== PROBLEM ==
The output should match, line for line, the records from the line containing "Бурджу Бириджик говори" through the line containing "Chic off-shoulder blouse", with every picture left out.

[[ DATA FOR REVIEW open ]]

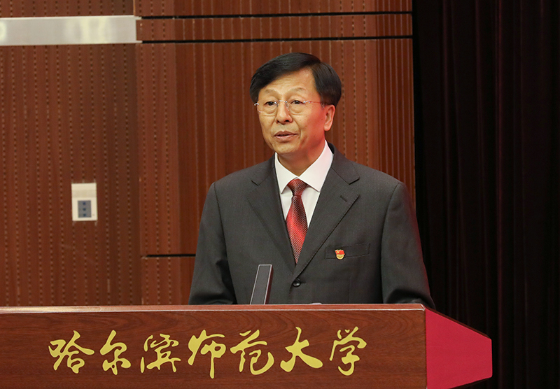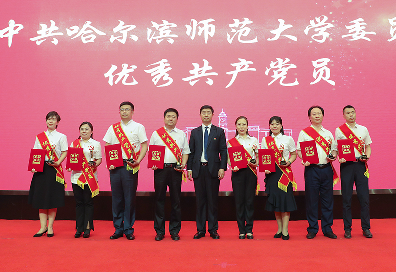 校党委书记对全校党组织和党员提出希望。全校各级党组织和广大党员要以此次表彰大会为契机,深刻铭记党的光辉历程、牢记党的初心使命,赓续红色血脉,用党的奋斗历程和伟大成就鼓舞斗志、指引方向;用党的光荣传统和优良作风坚定信念、汲取力量;用党的历史经验和实践创造启迪智慧、砥砺品格,让我们共同努力,奋力谱写新时代哈师大发展建设的崭新篇章,为凝聚实现中华民族伟大复兴的磅礴力量不懈奋斗。
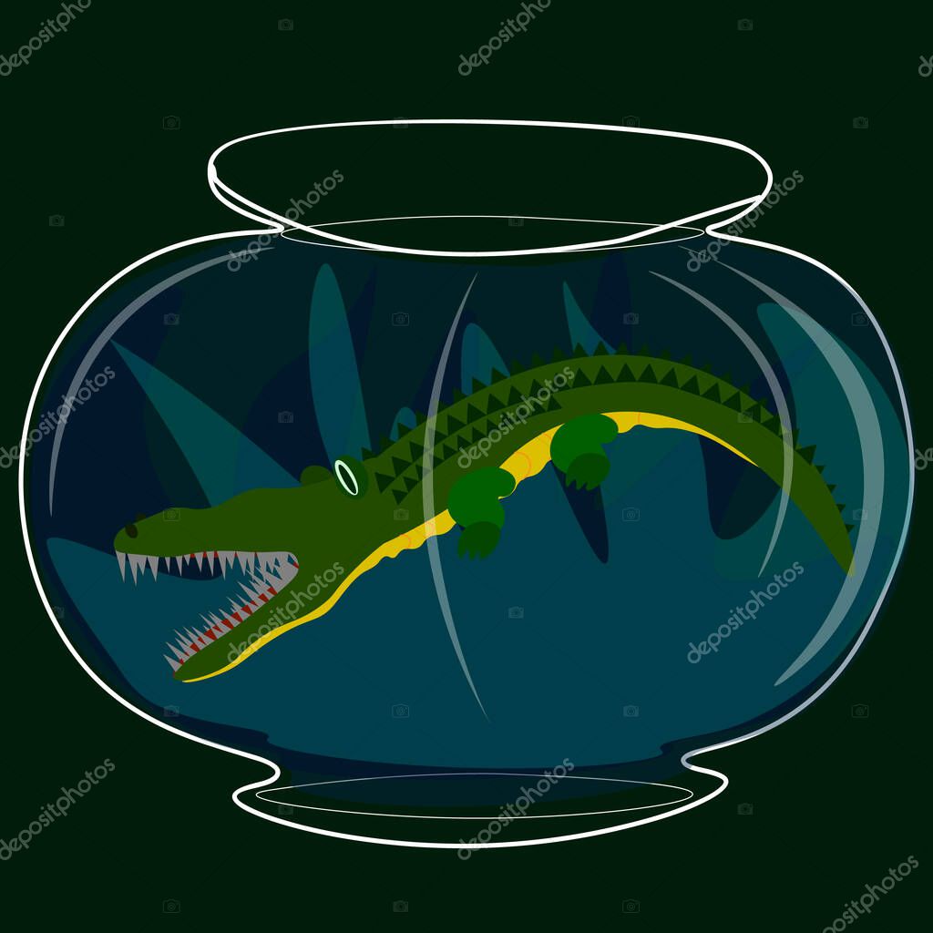 - Векторная графика Абстракция. Аллегория. Зеленый крокодил плавает в большой стеклянной банке.
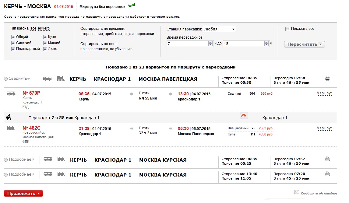 Например к поезду Краснодар - Москва купить Единый Керчь - Краснодар.
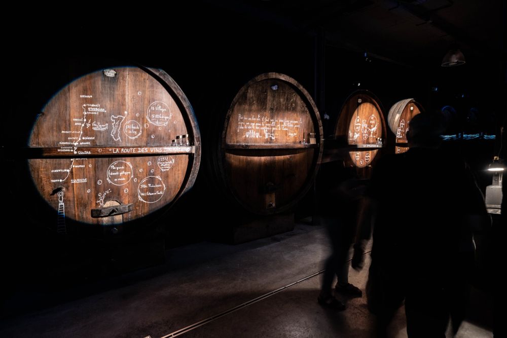 Nous avons aménagé dans notre cave un espace scénographique avec vidéo immersive à 180° projetée sur fûts – projet unique en France. Ce film n’est pas un remake de ce que l’on peut trouver à ce jour où l’on raconte le travail de la vigne…Mais un film sur notre histoire personnelle plutôt riche, et sur notre philosophie de travail. Le tout projeté dans le chai, sur des fûts de chêne centenaires à 180° (mapping sur certaines séquences) avec un travail du son, permettant au public de se retrouver en immersion totale dans mon histoire.
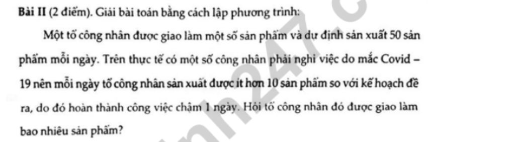 Gọi số sản phẩm tổ công nhân đó được giao làm là `x` (sản phẩm) `(x in NN^(**))`
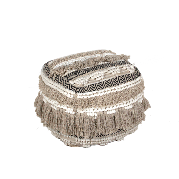 פוף בוהמי שחור לבן עם פרנזים
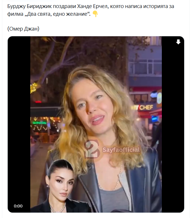Бурджу Бириджик говори за Ханде Ерчел в интервю:
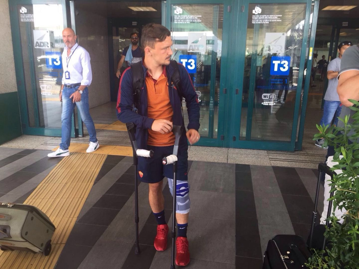 Certamente l’inizio della sua avventura giallorossa l’avrebbe immaginato diverso Mario Rui, infortunatosi immediatamente e ora destinato ad un lungo stop. L’ex terzino sinistro dell’Empoli ha riportato una lesione di alto grado del legamento crociato anteriore. Infortunio che lo ha costretto ad un intervento chirurgico artroscopico, a cui sarà sottoposto nella giornata di venerdì a Villa Stuart. Nel frattempo Mario Rui è rientrato a Roma, ecco la foto del suo arrivo all’aeroporto di Fiumicino:
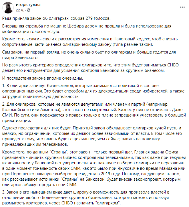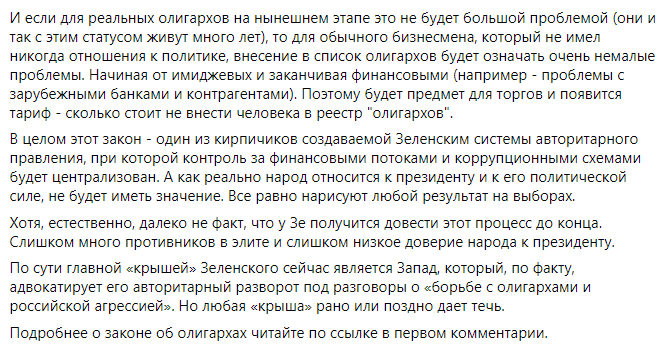 Сам закон, на первый взгляд, не очень сильно бьет по олигархам и больше годится для пиара Зеленского. Но размытость критериев определения олигархов и то, что этим будет заниматься СНБО делает его инструментом для усиления контроля Банковой за крупным бизнесом.
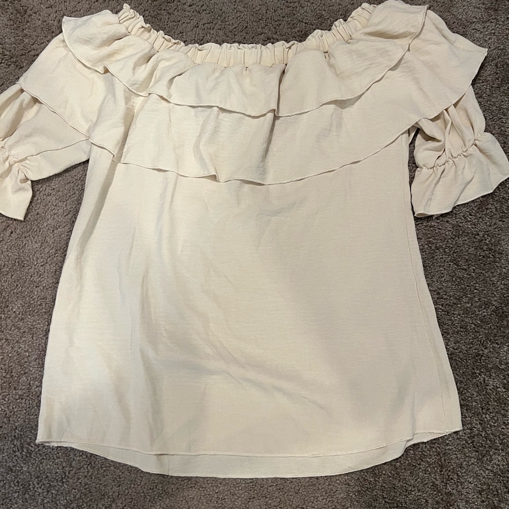Chic off-shoulder blouse with ruffle detail. Soft cream color. Ideal for versatile styling. Small spot on sleeve
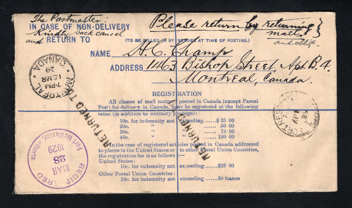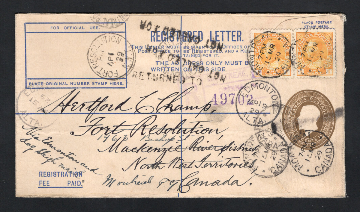 309 CVR   image1929 Registered Stationery Cover to the Mackenzie River District, a 10c brown KGV stationery envelope uprated with two 1c Admirals mailed from Montréal on MAR.15.1929, addressed to Fort Resolution, Mackenzie River district, Northwest Territories (APR.1 receivers) via Fort McMurray Alberta (MAR.28 transit) and Edmonton (MAR.31 transit), endorsed "via Edmonton and Dog Sleigh mail". Address crossed-out, "not called for" and "return to" handstamps applied and cover returned to Montréal. Very fine and interesting cover. (Scan 1) (Scan 2) (All Scans) (All Images)
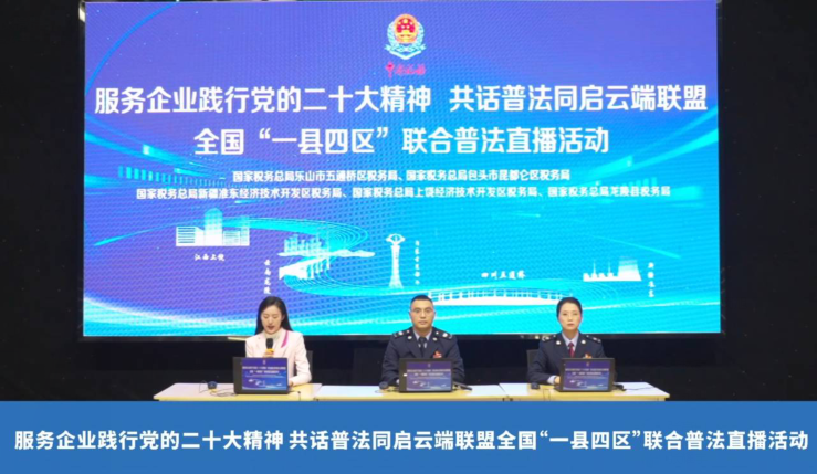 10月25日,国家税务总局乐山市五通桥区税务局联合内蒙包头市昆都仑区、新疆准东经济技术开发区、江西上饶经济技术开发区、云南龙陵县四地税务部门,共同举办了以“服务企业践行党的二十大精神 共话普法同启云端联盟”为主题的全国“一县四区”联合普法直播活动。此次直播历时45分钟,五地纳税人缴费人“跨越山海”共同在线进行了学习交流,线上访问量累计超4.5万人次,获得1.8万多次点赞。
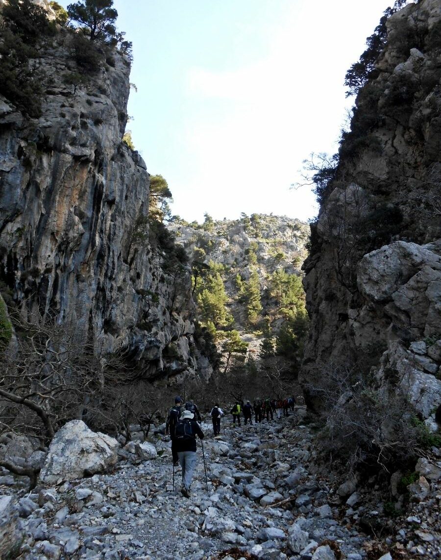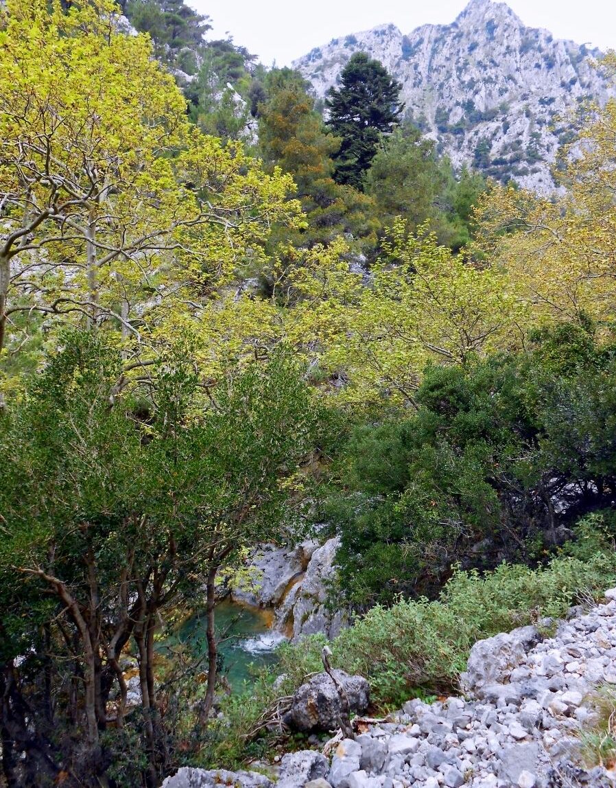 One of the most enchanting features of the gorge is the changing landscape. The section of the trail following the stream’s course is filled with aromatic plants like thyme, oregano and rosemary, as well as age-old plane trees, maple trees, and oaks. Occasionally, a chestnut tree emerges, while small colorful flowers stand out among the rocks. The gorge does not always have water throughout its course, however, there is a section where, winter or summer, water is present, forming mini waterfalls and small pools.
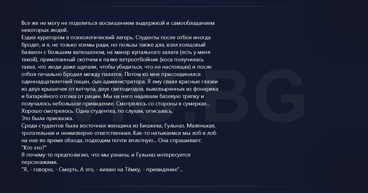 Все же не могу не поделиться восхищением выдержкой и самообладанием некоторых людей. Ездил куратором в психологический лагерь. Студенты после отбоя иногда бродят, и я, не только хохмы ради, но пользы также для, взял холщовый балахон с большим капюшоном, на манер купального халата (есть у меня такой), примотанный скотчем к палке ветроотбойник (коса получилась такая, что люди даже щупали, чтобы убедиться, что не настоящая) и после отбоя печально бродил между палаток. Потом ко мне присоединился одиннадцатилетний пацан, сын администратора. Я ему сваял красные глазки из двух крышечек от кетчупа, двух светодиодов, выковырянных из фонарика и батарейного отсека от рации. Мы на него надевали бязевую тряпку и получалось небольшое привидение. Смотрелось со стороны в сумерках... Хорошо смотрелось. Одна студентка, по слухам, описалась. Это была присказка. Среди студентов была восточная женщина из Бишкека, Гульназ. Маленькая, трогательная и неимоверно ответственная. Как-то натыкаемся мы лоб в лоб на нее во время обхода, подходим почти вплотную... Она спрашивает: "Кто это?" Я почему-то предполагаю, что мы узнаны, и Гульназ интересуется персонажами. "Я, - говорю, - Смерть. А это, - киваю на Тёмку, - привидение" "Я так и поняла" "А почему не испугалась?" - интересуюсь я, может, в костюмах напутали что? "Я испугалась" "А почему не кричала?" "Так ведь спят же все..." Многие из нас смогут сдержать вопль ужаса для того, чтобы не будить спящих соратников? Есть женщины в русских селеньях, как будто в нерусских их нет.

[[ DATA FOR REVIEW closed ]]

== RESULT OF THE TASK ==
Бурджу Бириджик говори за Ханде Ерчел в интервю:
 Certamente l’inizio della sua avventura giallorossa l’avrebbe immaginato diverso Mario Rui, infortunatosi immediatamente e ora destinato ad un lungo stop. L’ex terzino sinistro dell’Empoli ha riportato una lesione di alto grado del legamento crociato anteriore. Infortunio che lo ha costretto ad un intervento chirurgico artroscopico, a cui sarà sottoposto nella giornata di venerdì a Villa Stuart. Nel frattempo Mario Rui è rientrato a Roma, ecco la foto del suo arrivo all’aeroporto di Fiumicino:
 Сам закон, на первый взгляд, не очень сильно бьет по олигархам и больше годится для пиара Зеленского. Но размытость критериев определения олигархов и то, что этим будет заниматься СНБО делает его инструментом для усиления контроля Банковой за крупным бизнесом.
Chic off-shoulder blouse with ruffle detail. Soft cream color. Ideal for versatile styling. Small spot on sleeve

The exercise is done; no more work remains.